Statistical analyses
VBM and DBM statistics were completed in Python using Numpy and Scipy packages with voxel-wise t tests (alpha = 0.05) followed by familywise error rate correction using the false discovery rate. FA, AD, and MD map voxel-level t tests (alpha = 0.05) were completed using the same Python-based approach. Seed-based midbrain outcomes were analyzed using Welch two-sample t tests on the mean FA, AD, and MD maps in R with the t test function and shown with a violin plot using the ggplot function. The TBSS was carried out on FA maps, in which the general linear model steps were done using the FSL randomise function with 1,000 permutations. The correlation analyses examined associations between the symptom scales (PANSS and CAINS), volume measures (i.e., whole-brain Jacobian determinant, midbrain volumes), and DTI indices in the EP group in R using paris.panels from the package PerformanceAnalytics.
Results
The total dataset consisted of 179 subjects (EP and controls), with 68.7% being males and 31.3% females, evenly distributed in EP (males, 61%; females, 37.4%) and controls (males, 64.3%; females, 35.7%) subsets (Table 2). Subjects were primarily right-handed (EP, 85.4%; controls, 80.4%). The EP cohort included 75.6 and 24.4% nonaffective and affective psychosis subjects, respectively.

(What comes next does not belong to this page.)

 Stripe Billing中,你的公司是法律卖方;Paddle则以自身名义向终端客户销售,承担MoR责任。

Demographic characteristics of the HCP-EP dataset
The DBM method is agnostic to tissue type and relies on image contrast for displacements in the registration; therefore, DBM does not suffer from tissue misclassification as VBM and is potentially more sensitive than VBM to subtle alterations comparing healthy and patient populations (Manera et al., 2019). DBM revealed significant between-group morphological alterations, indicating higher displacement (i.e., Jacobian determinant values) in frontal regions and the superior regions within the midbrain in EP versus healthy controls (Fig. 1). In contrast, the standard VBM yielded no significant between-group differences. All three templates produced similar patterns, indicating the reproducibility of volumetric alterations in EP versus controls and highlighting the same regional alterations throughout the brain independent of the segmentation (i.e., tissue classification) template. In addition, we could show DBM alterations in the hippocampus, frontal cortex, insula, putamen, and cerebellum (Fig. 1).

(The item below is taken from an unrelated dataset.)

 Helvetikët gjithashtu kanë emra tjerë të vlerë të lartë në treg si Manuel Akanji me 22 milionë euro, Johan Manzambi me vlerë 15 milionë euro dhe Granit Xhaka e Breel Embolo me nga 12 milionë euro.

Volumetric differences in the EP versus healthy control groups. Volumetric differences are estimated from the DBM parameter using the Jacobian determinant results. Volumetric differences are shown with (A) axial sections, (B) coronal sections, and (C) sagittal sections. Yellow represents voxel-wise volume increases, and red represents reductions in EP versus healthy controls (t > 2.2, q < 0.05).

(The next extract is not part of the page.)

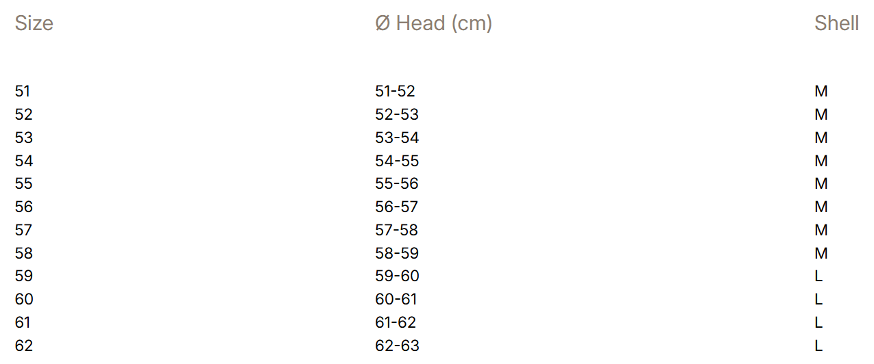 Do każdego z rozmiarów skorupy pasuje kilka wymiennych wkładek w rozmiarach obwodu głowy.

To determine alterations in white matter microstructure between EP and controls, we obtained DTI indices: whole-brain maps of FA, AD, and MD. Susceptibility artifacts were modeled by AP and PA acquisition and corrected to improve image quality. FA maps registered to the MNI152 template revealed significant between-group differences in several white matter tracts (corpus callosum, cingulum, and internal capsule), with lower FA in EP versus controls (Fig. 2). The voxel-based analysis shows alterations in voxels in the midbrain; significantly lower FA indices were seen at the cerebral peduncles and regions adjacent to VTA in EP versus controls, as shown in Figure 2. MD maps showed substantially higher (e.g., in the corpus callosum, midbrain, and basal ganglia regions) and lower (in the medial temporal lobe) MD in EP versus controls. The MD alterations in the midbrain were localized to the VTA area (Fig. 3). The AD maps displayed between-group differences mainly in the ventricular and peripheral CSF spaces, with lower AD in EP versus controls (Fig. 4). Notably, the AD results also indicated alterations in the midbrain regions (i.e., in peduncles and areas adjacent to VTA and substantia nigra), like those captured in FA maps. All DTI indices display significant alterations in the cerebellum.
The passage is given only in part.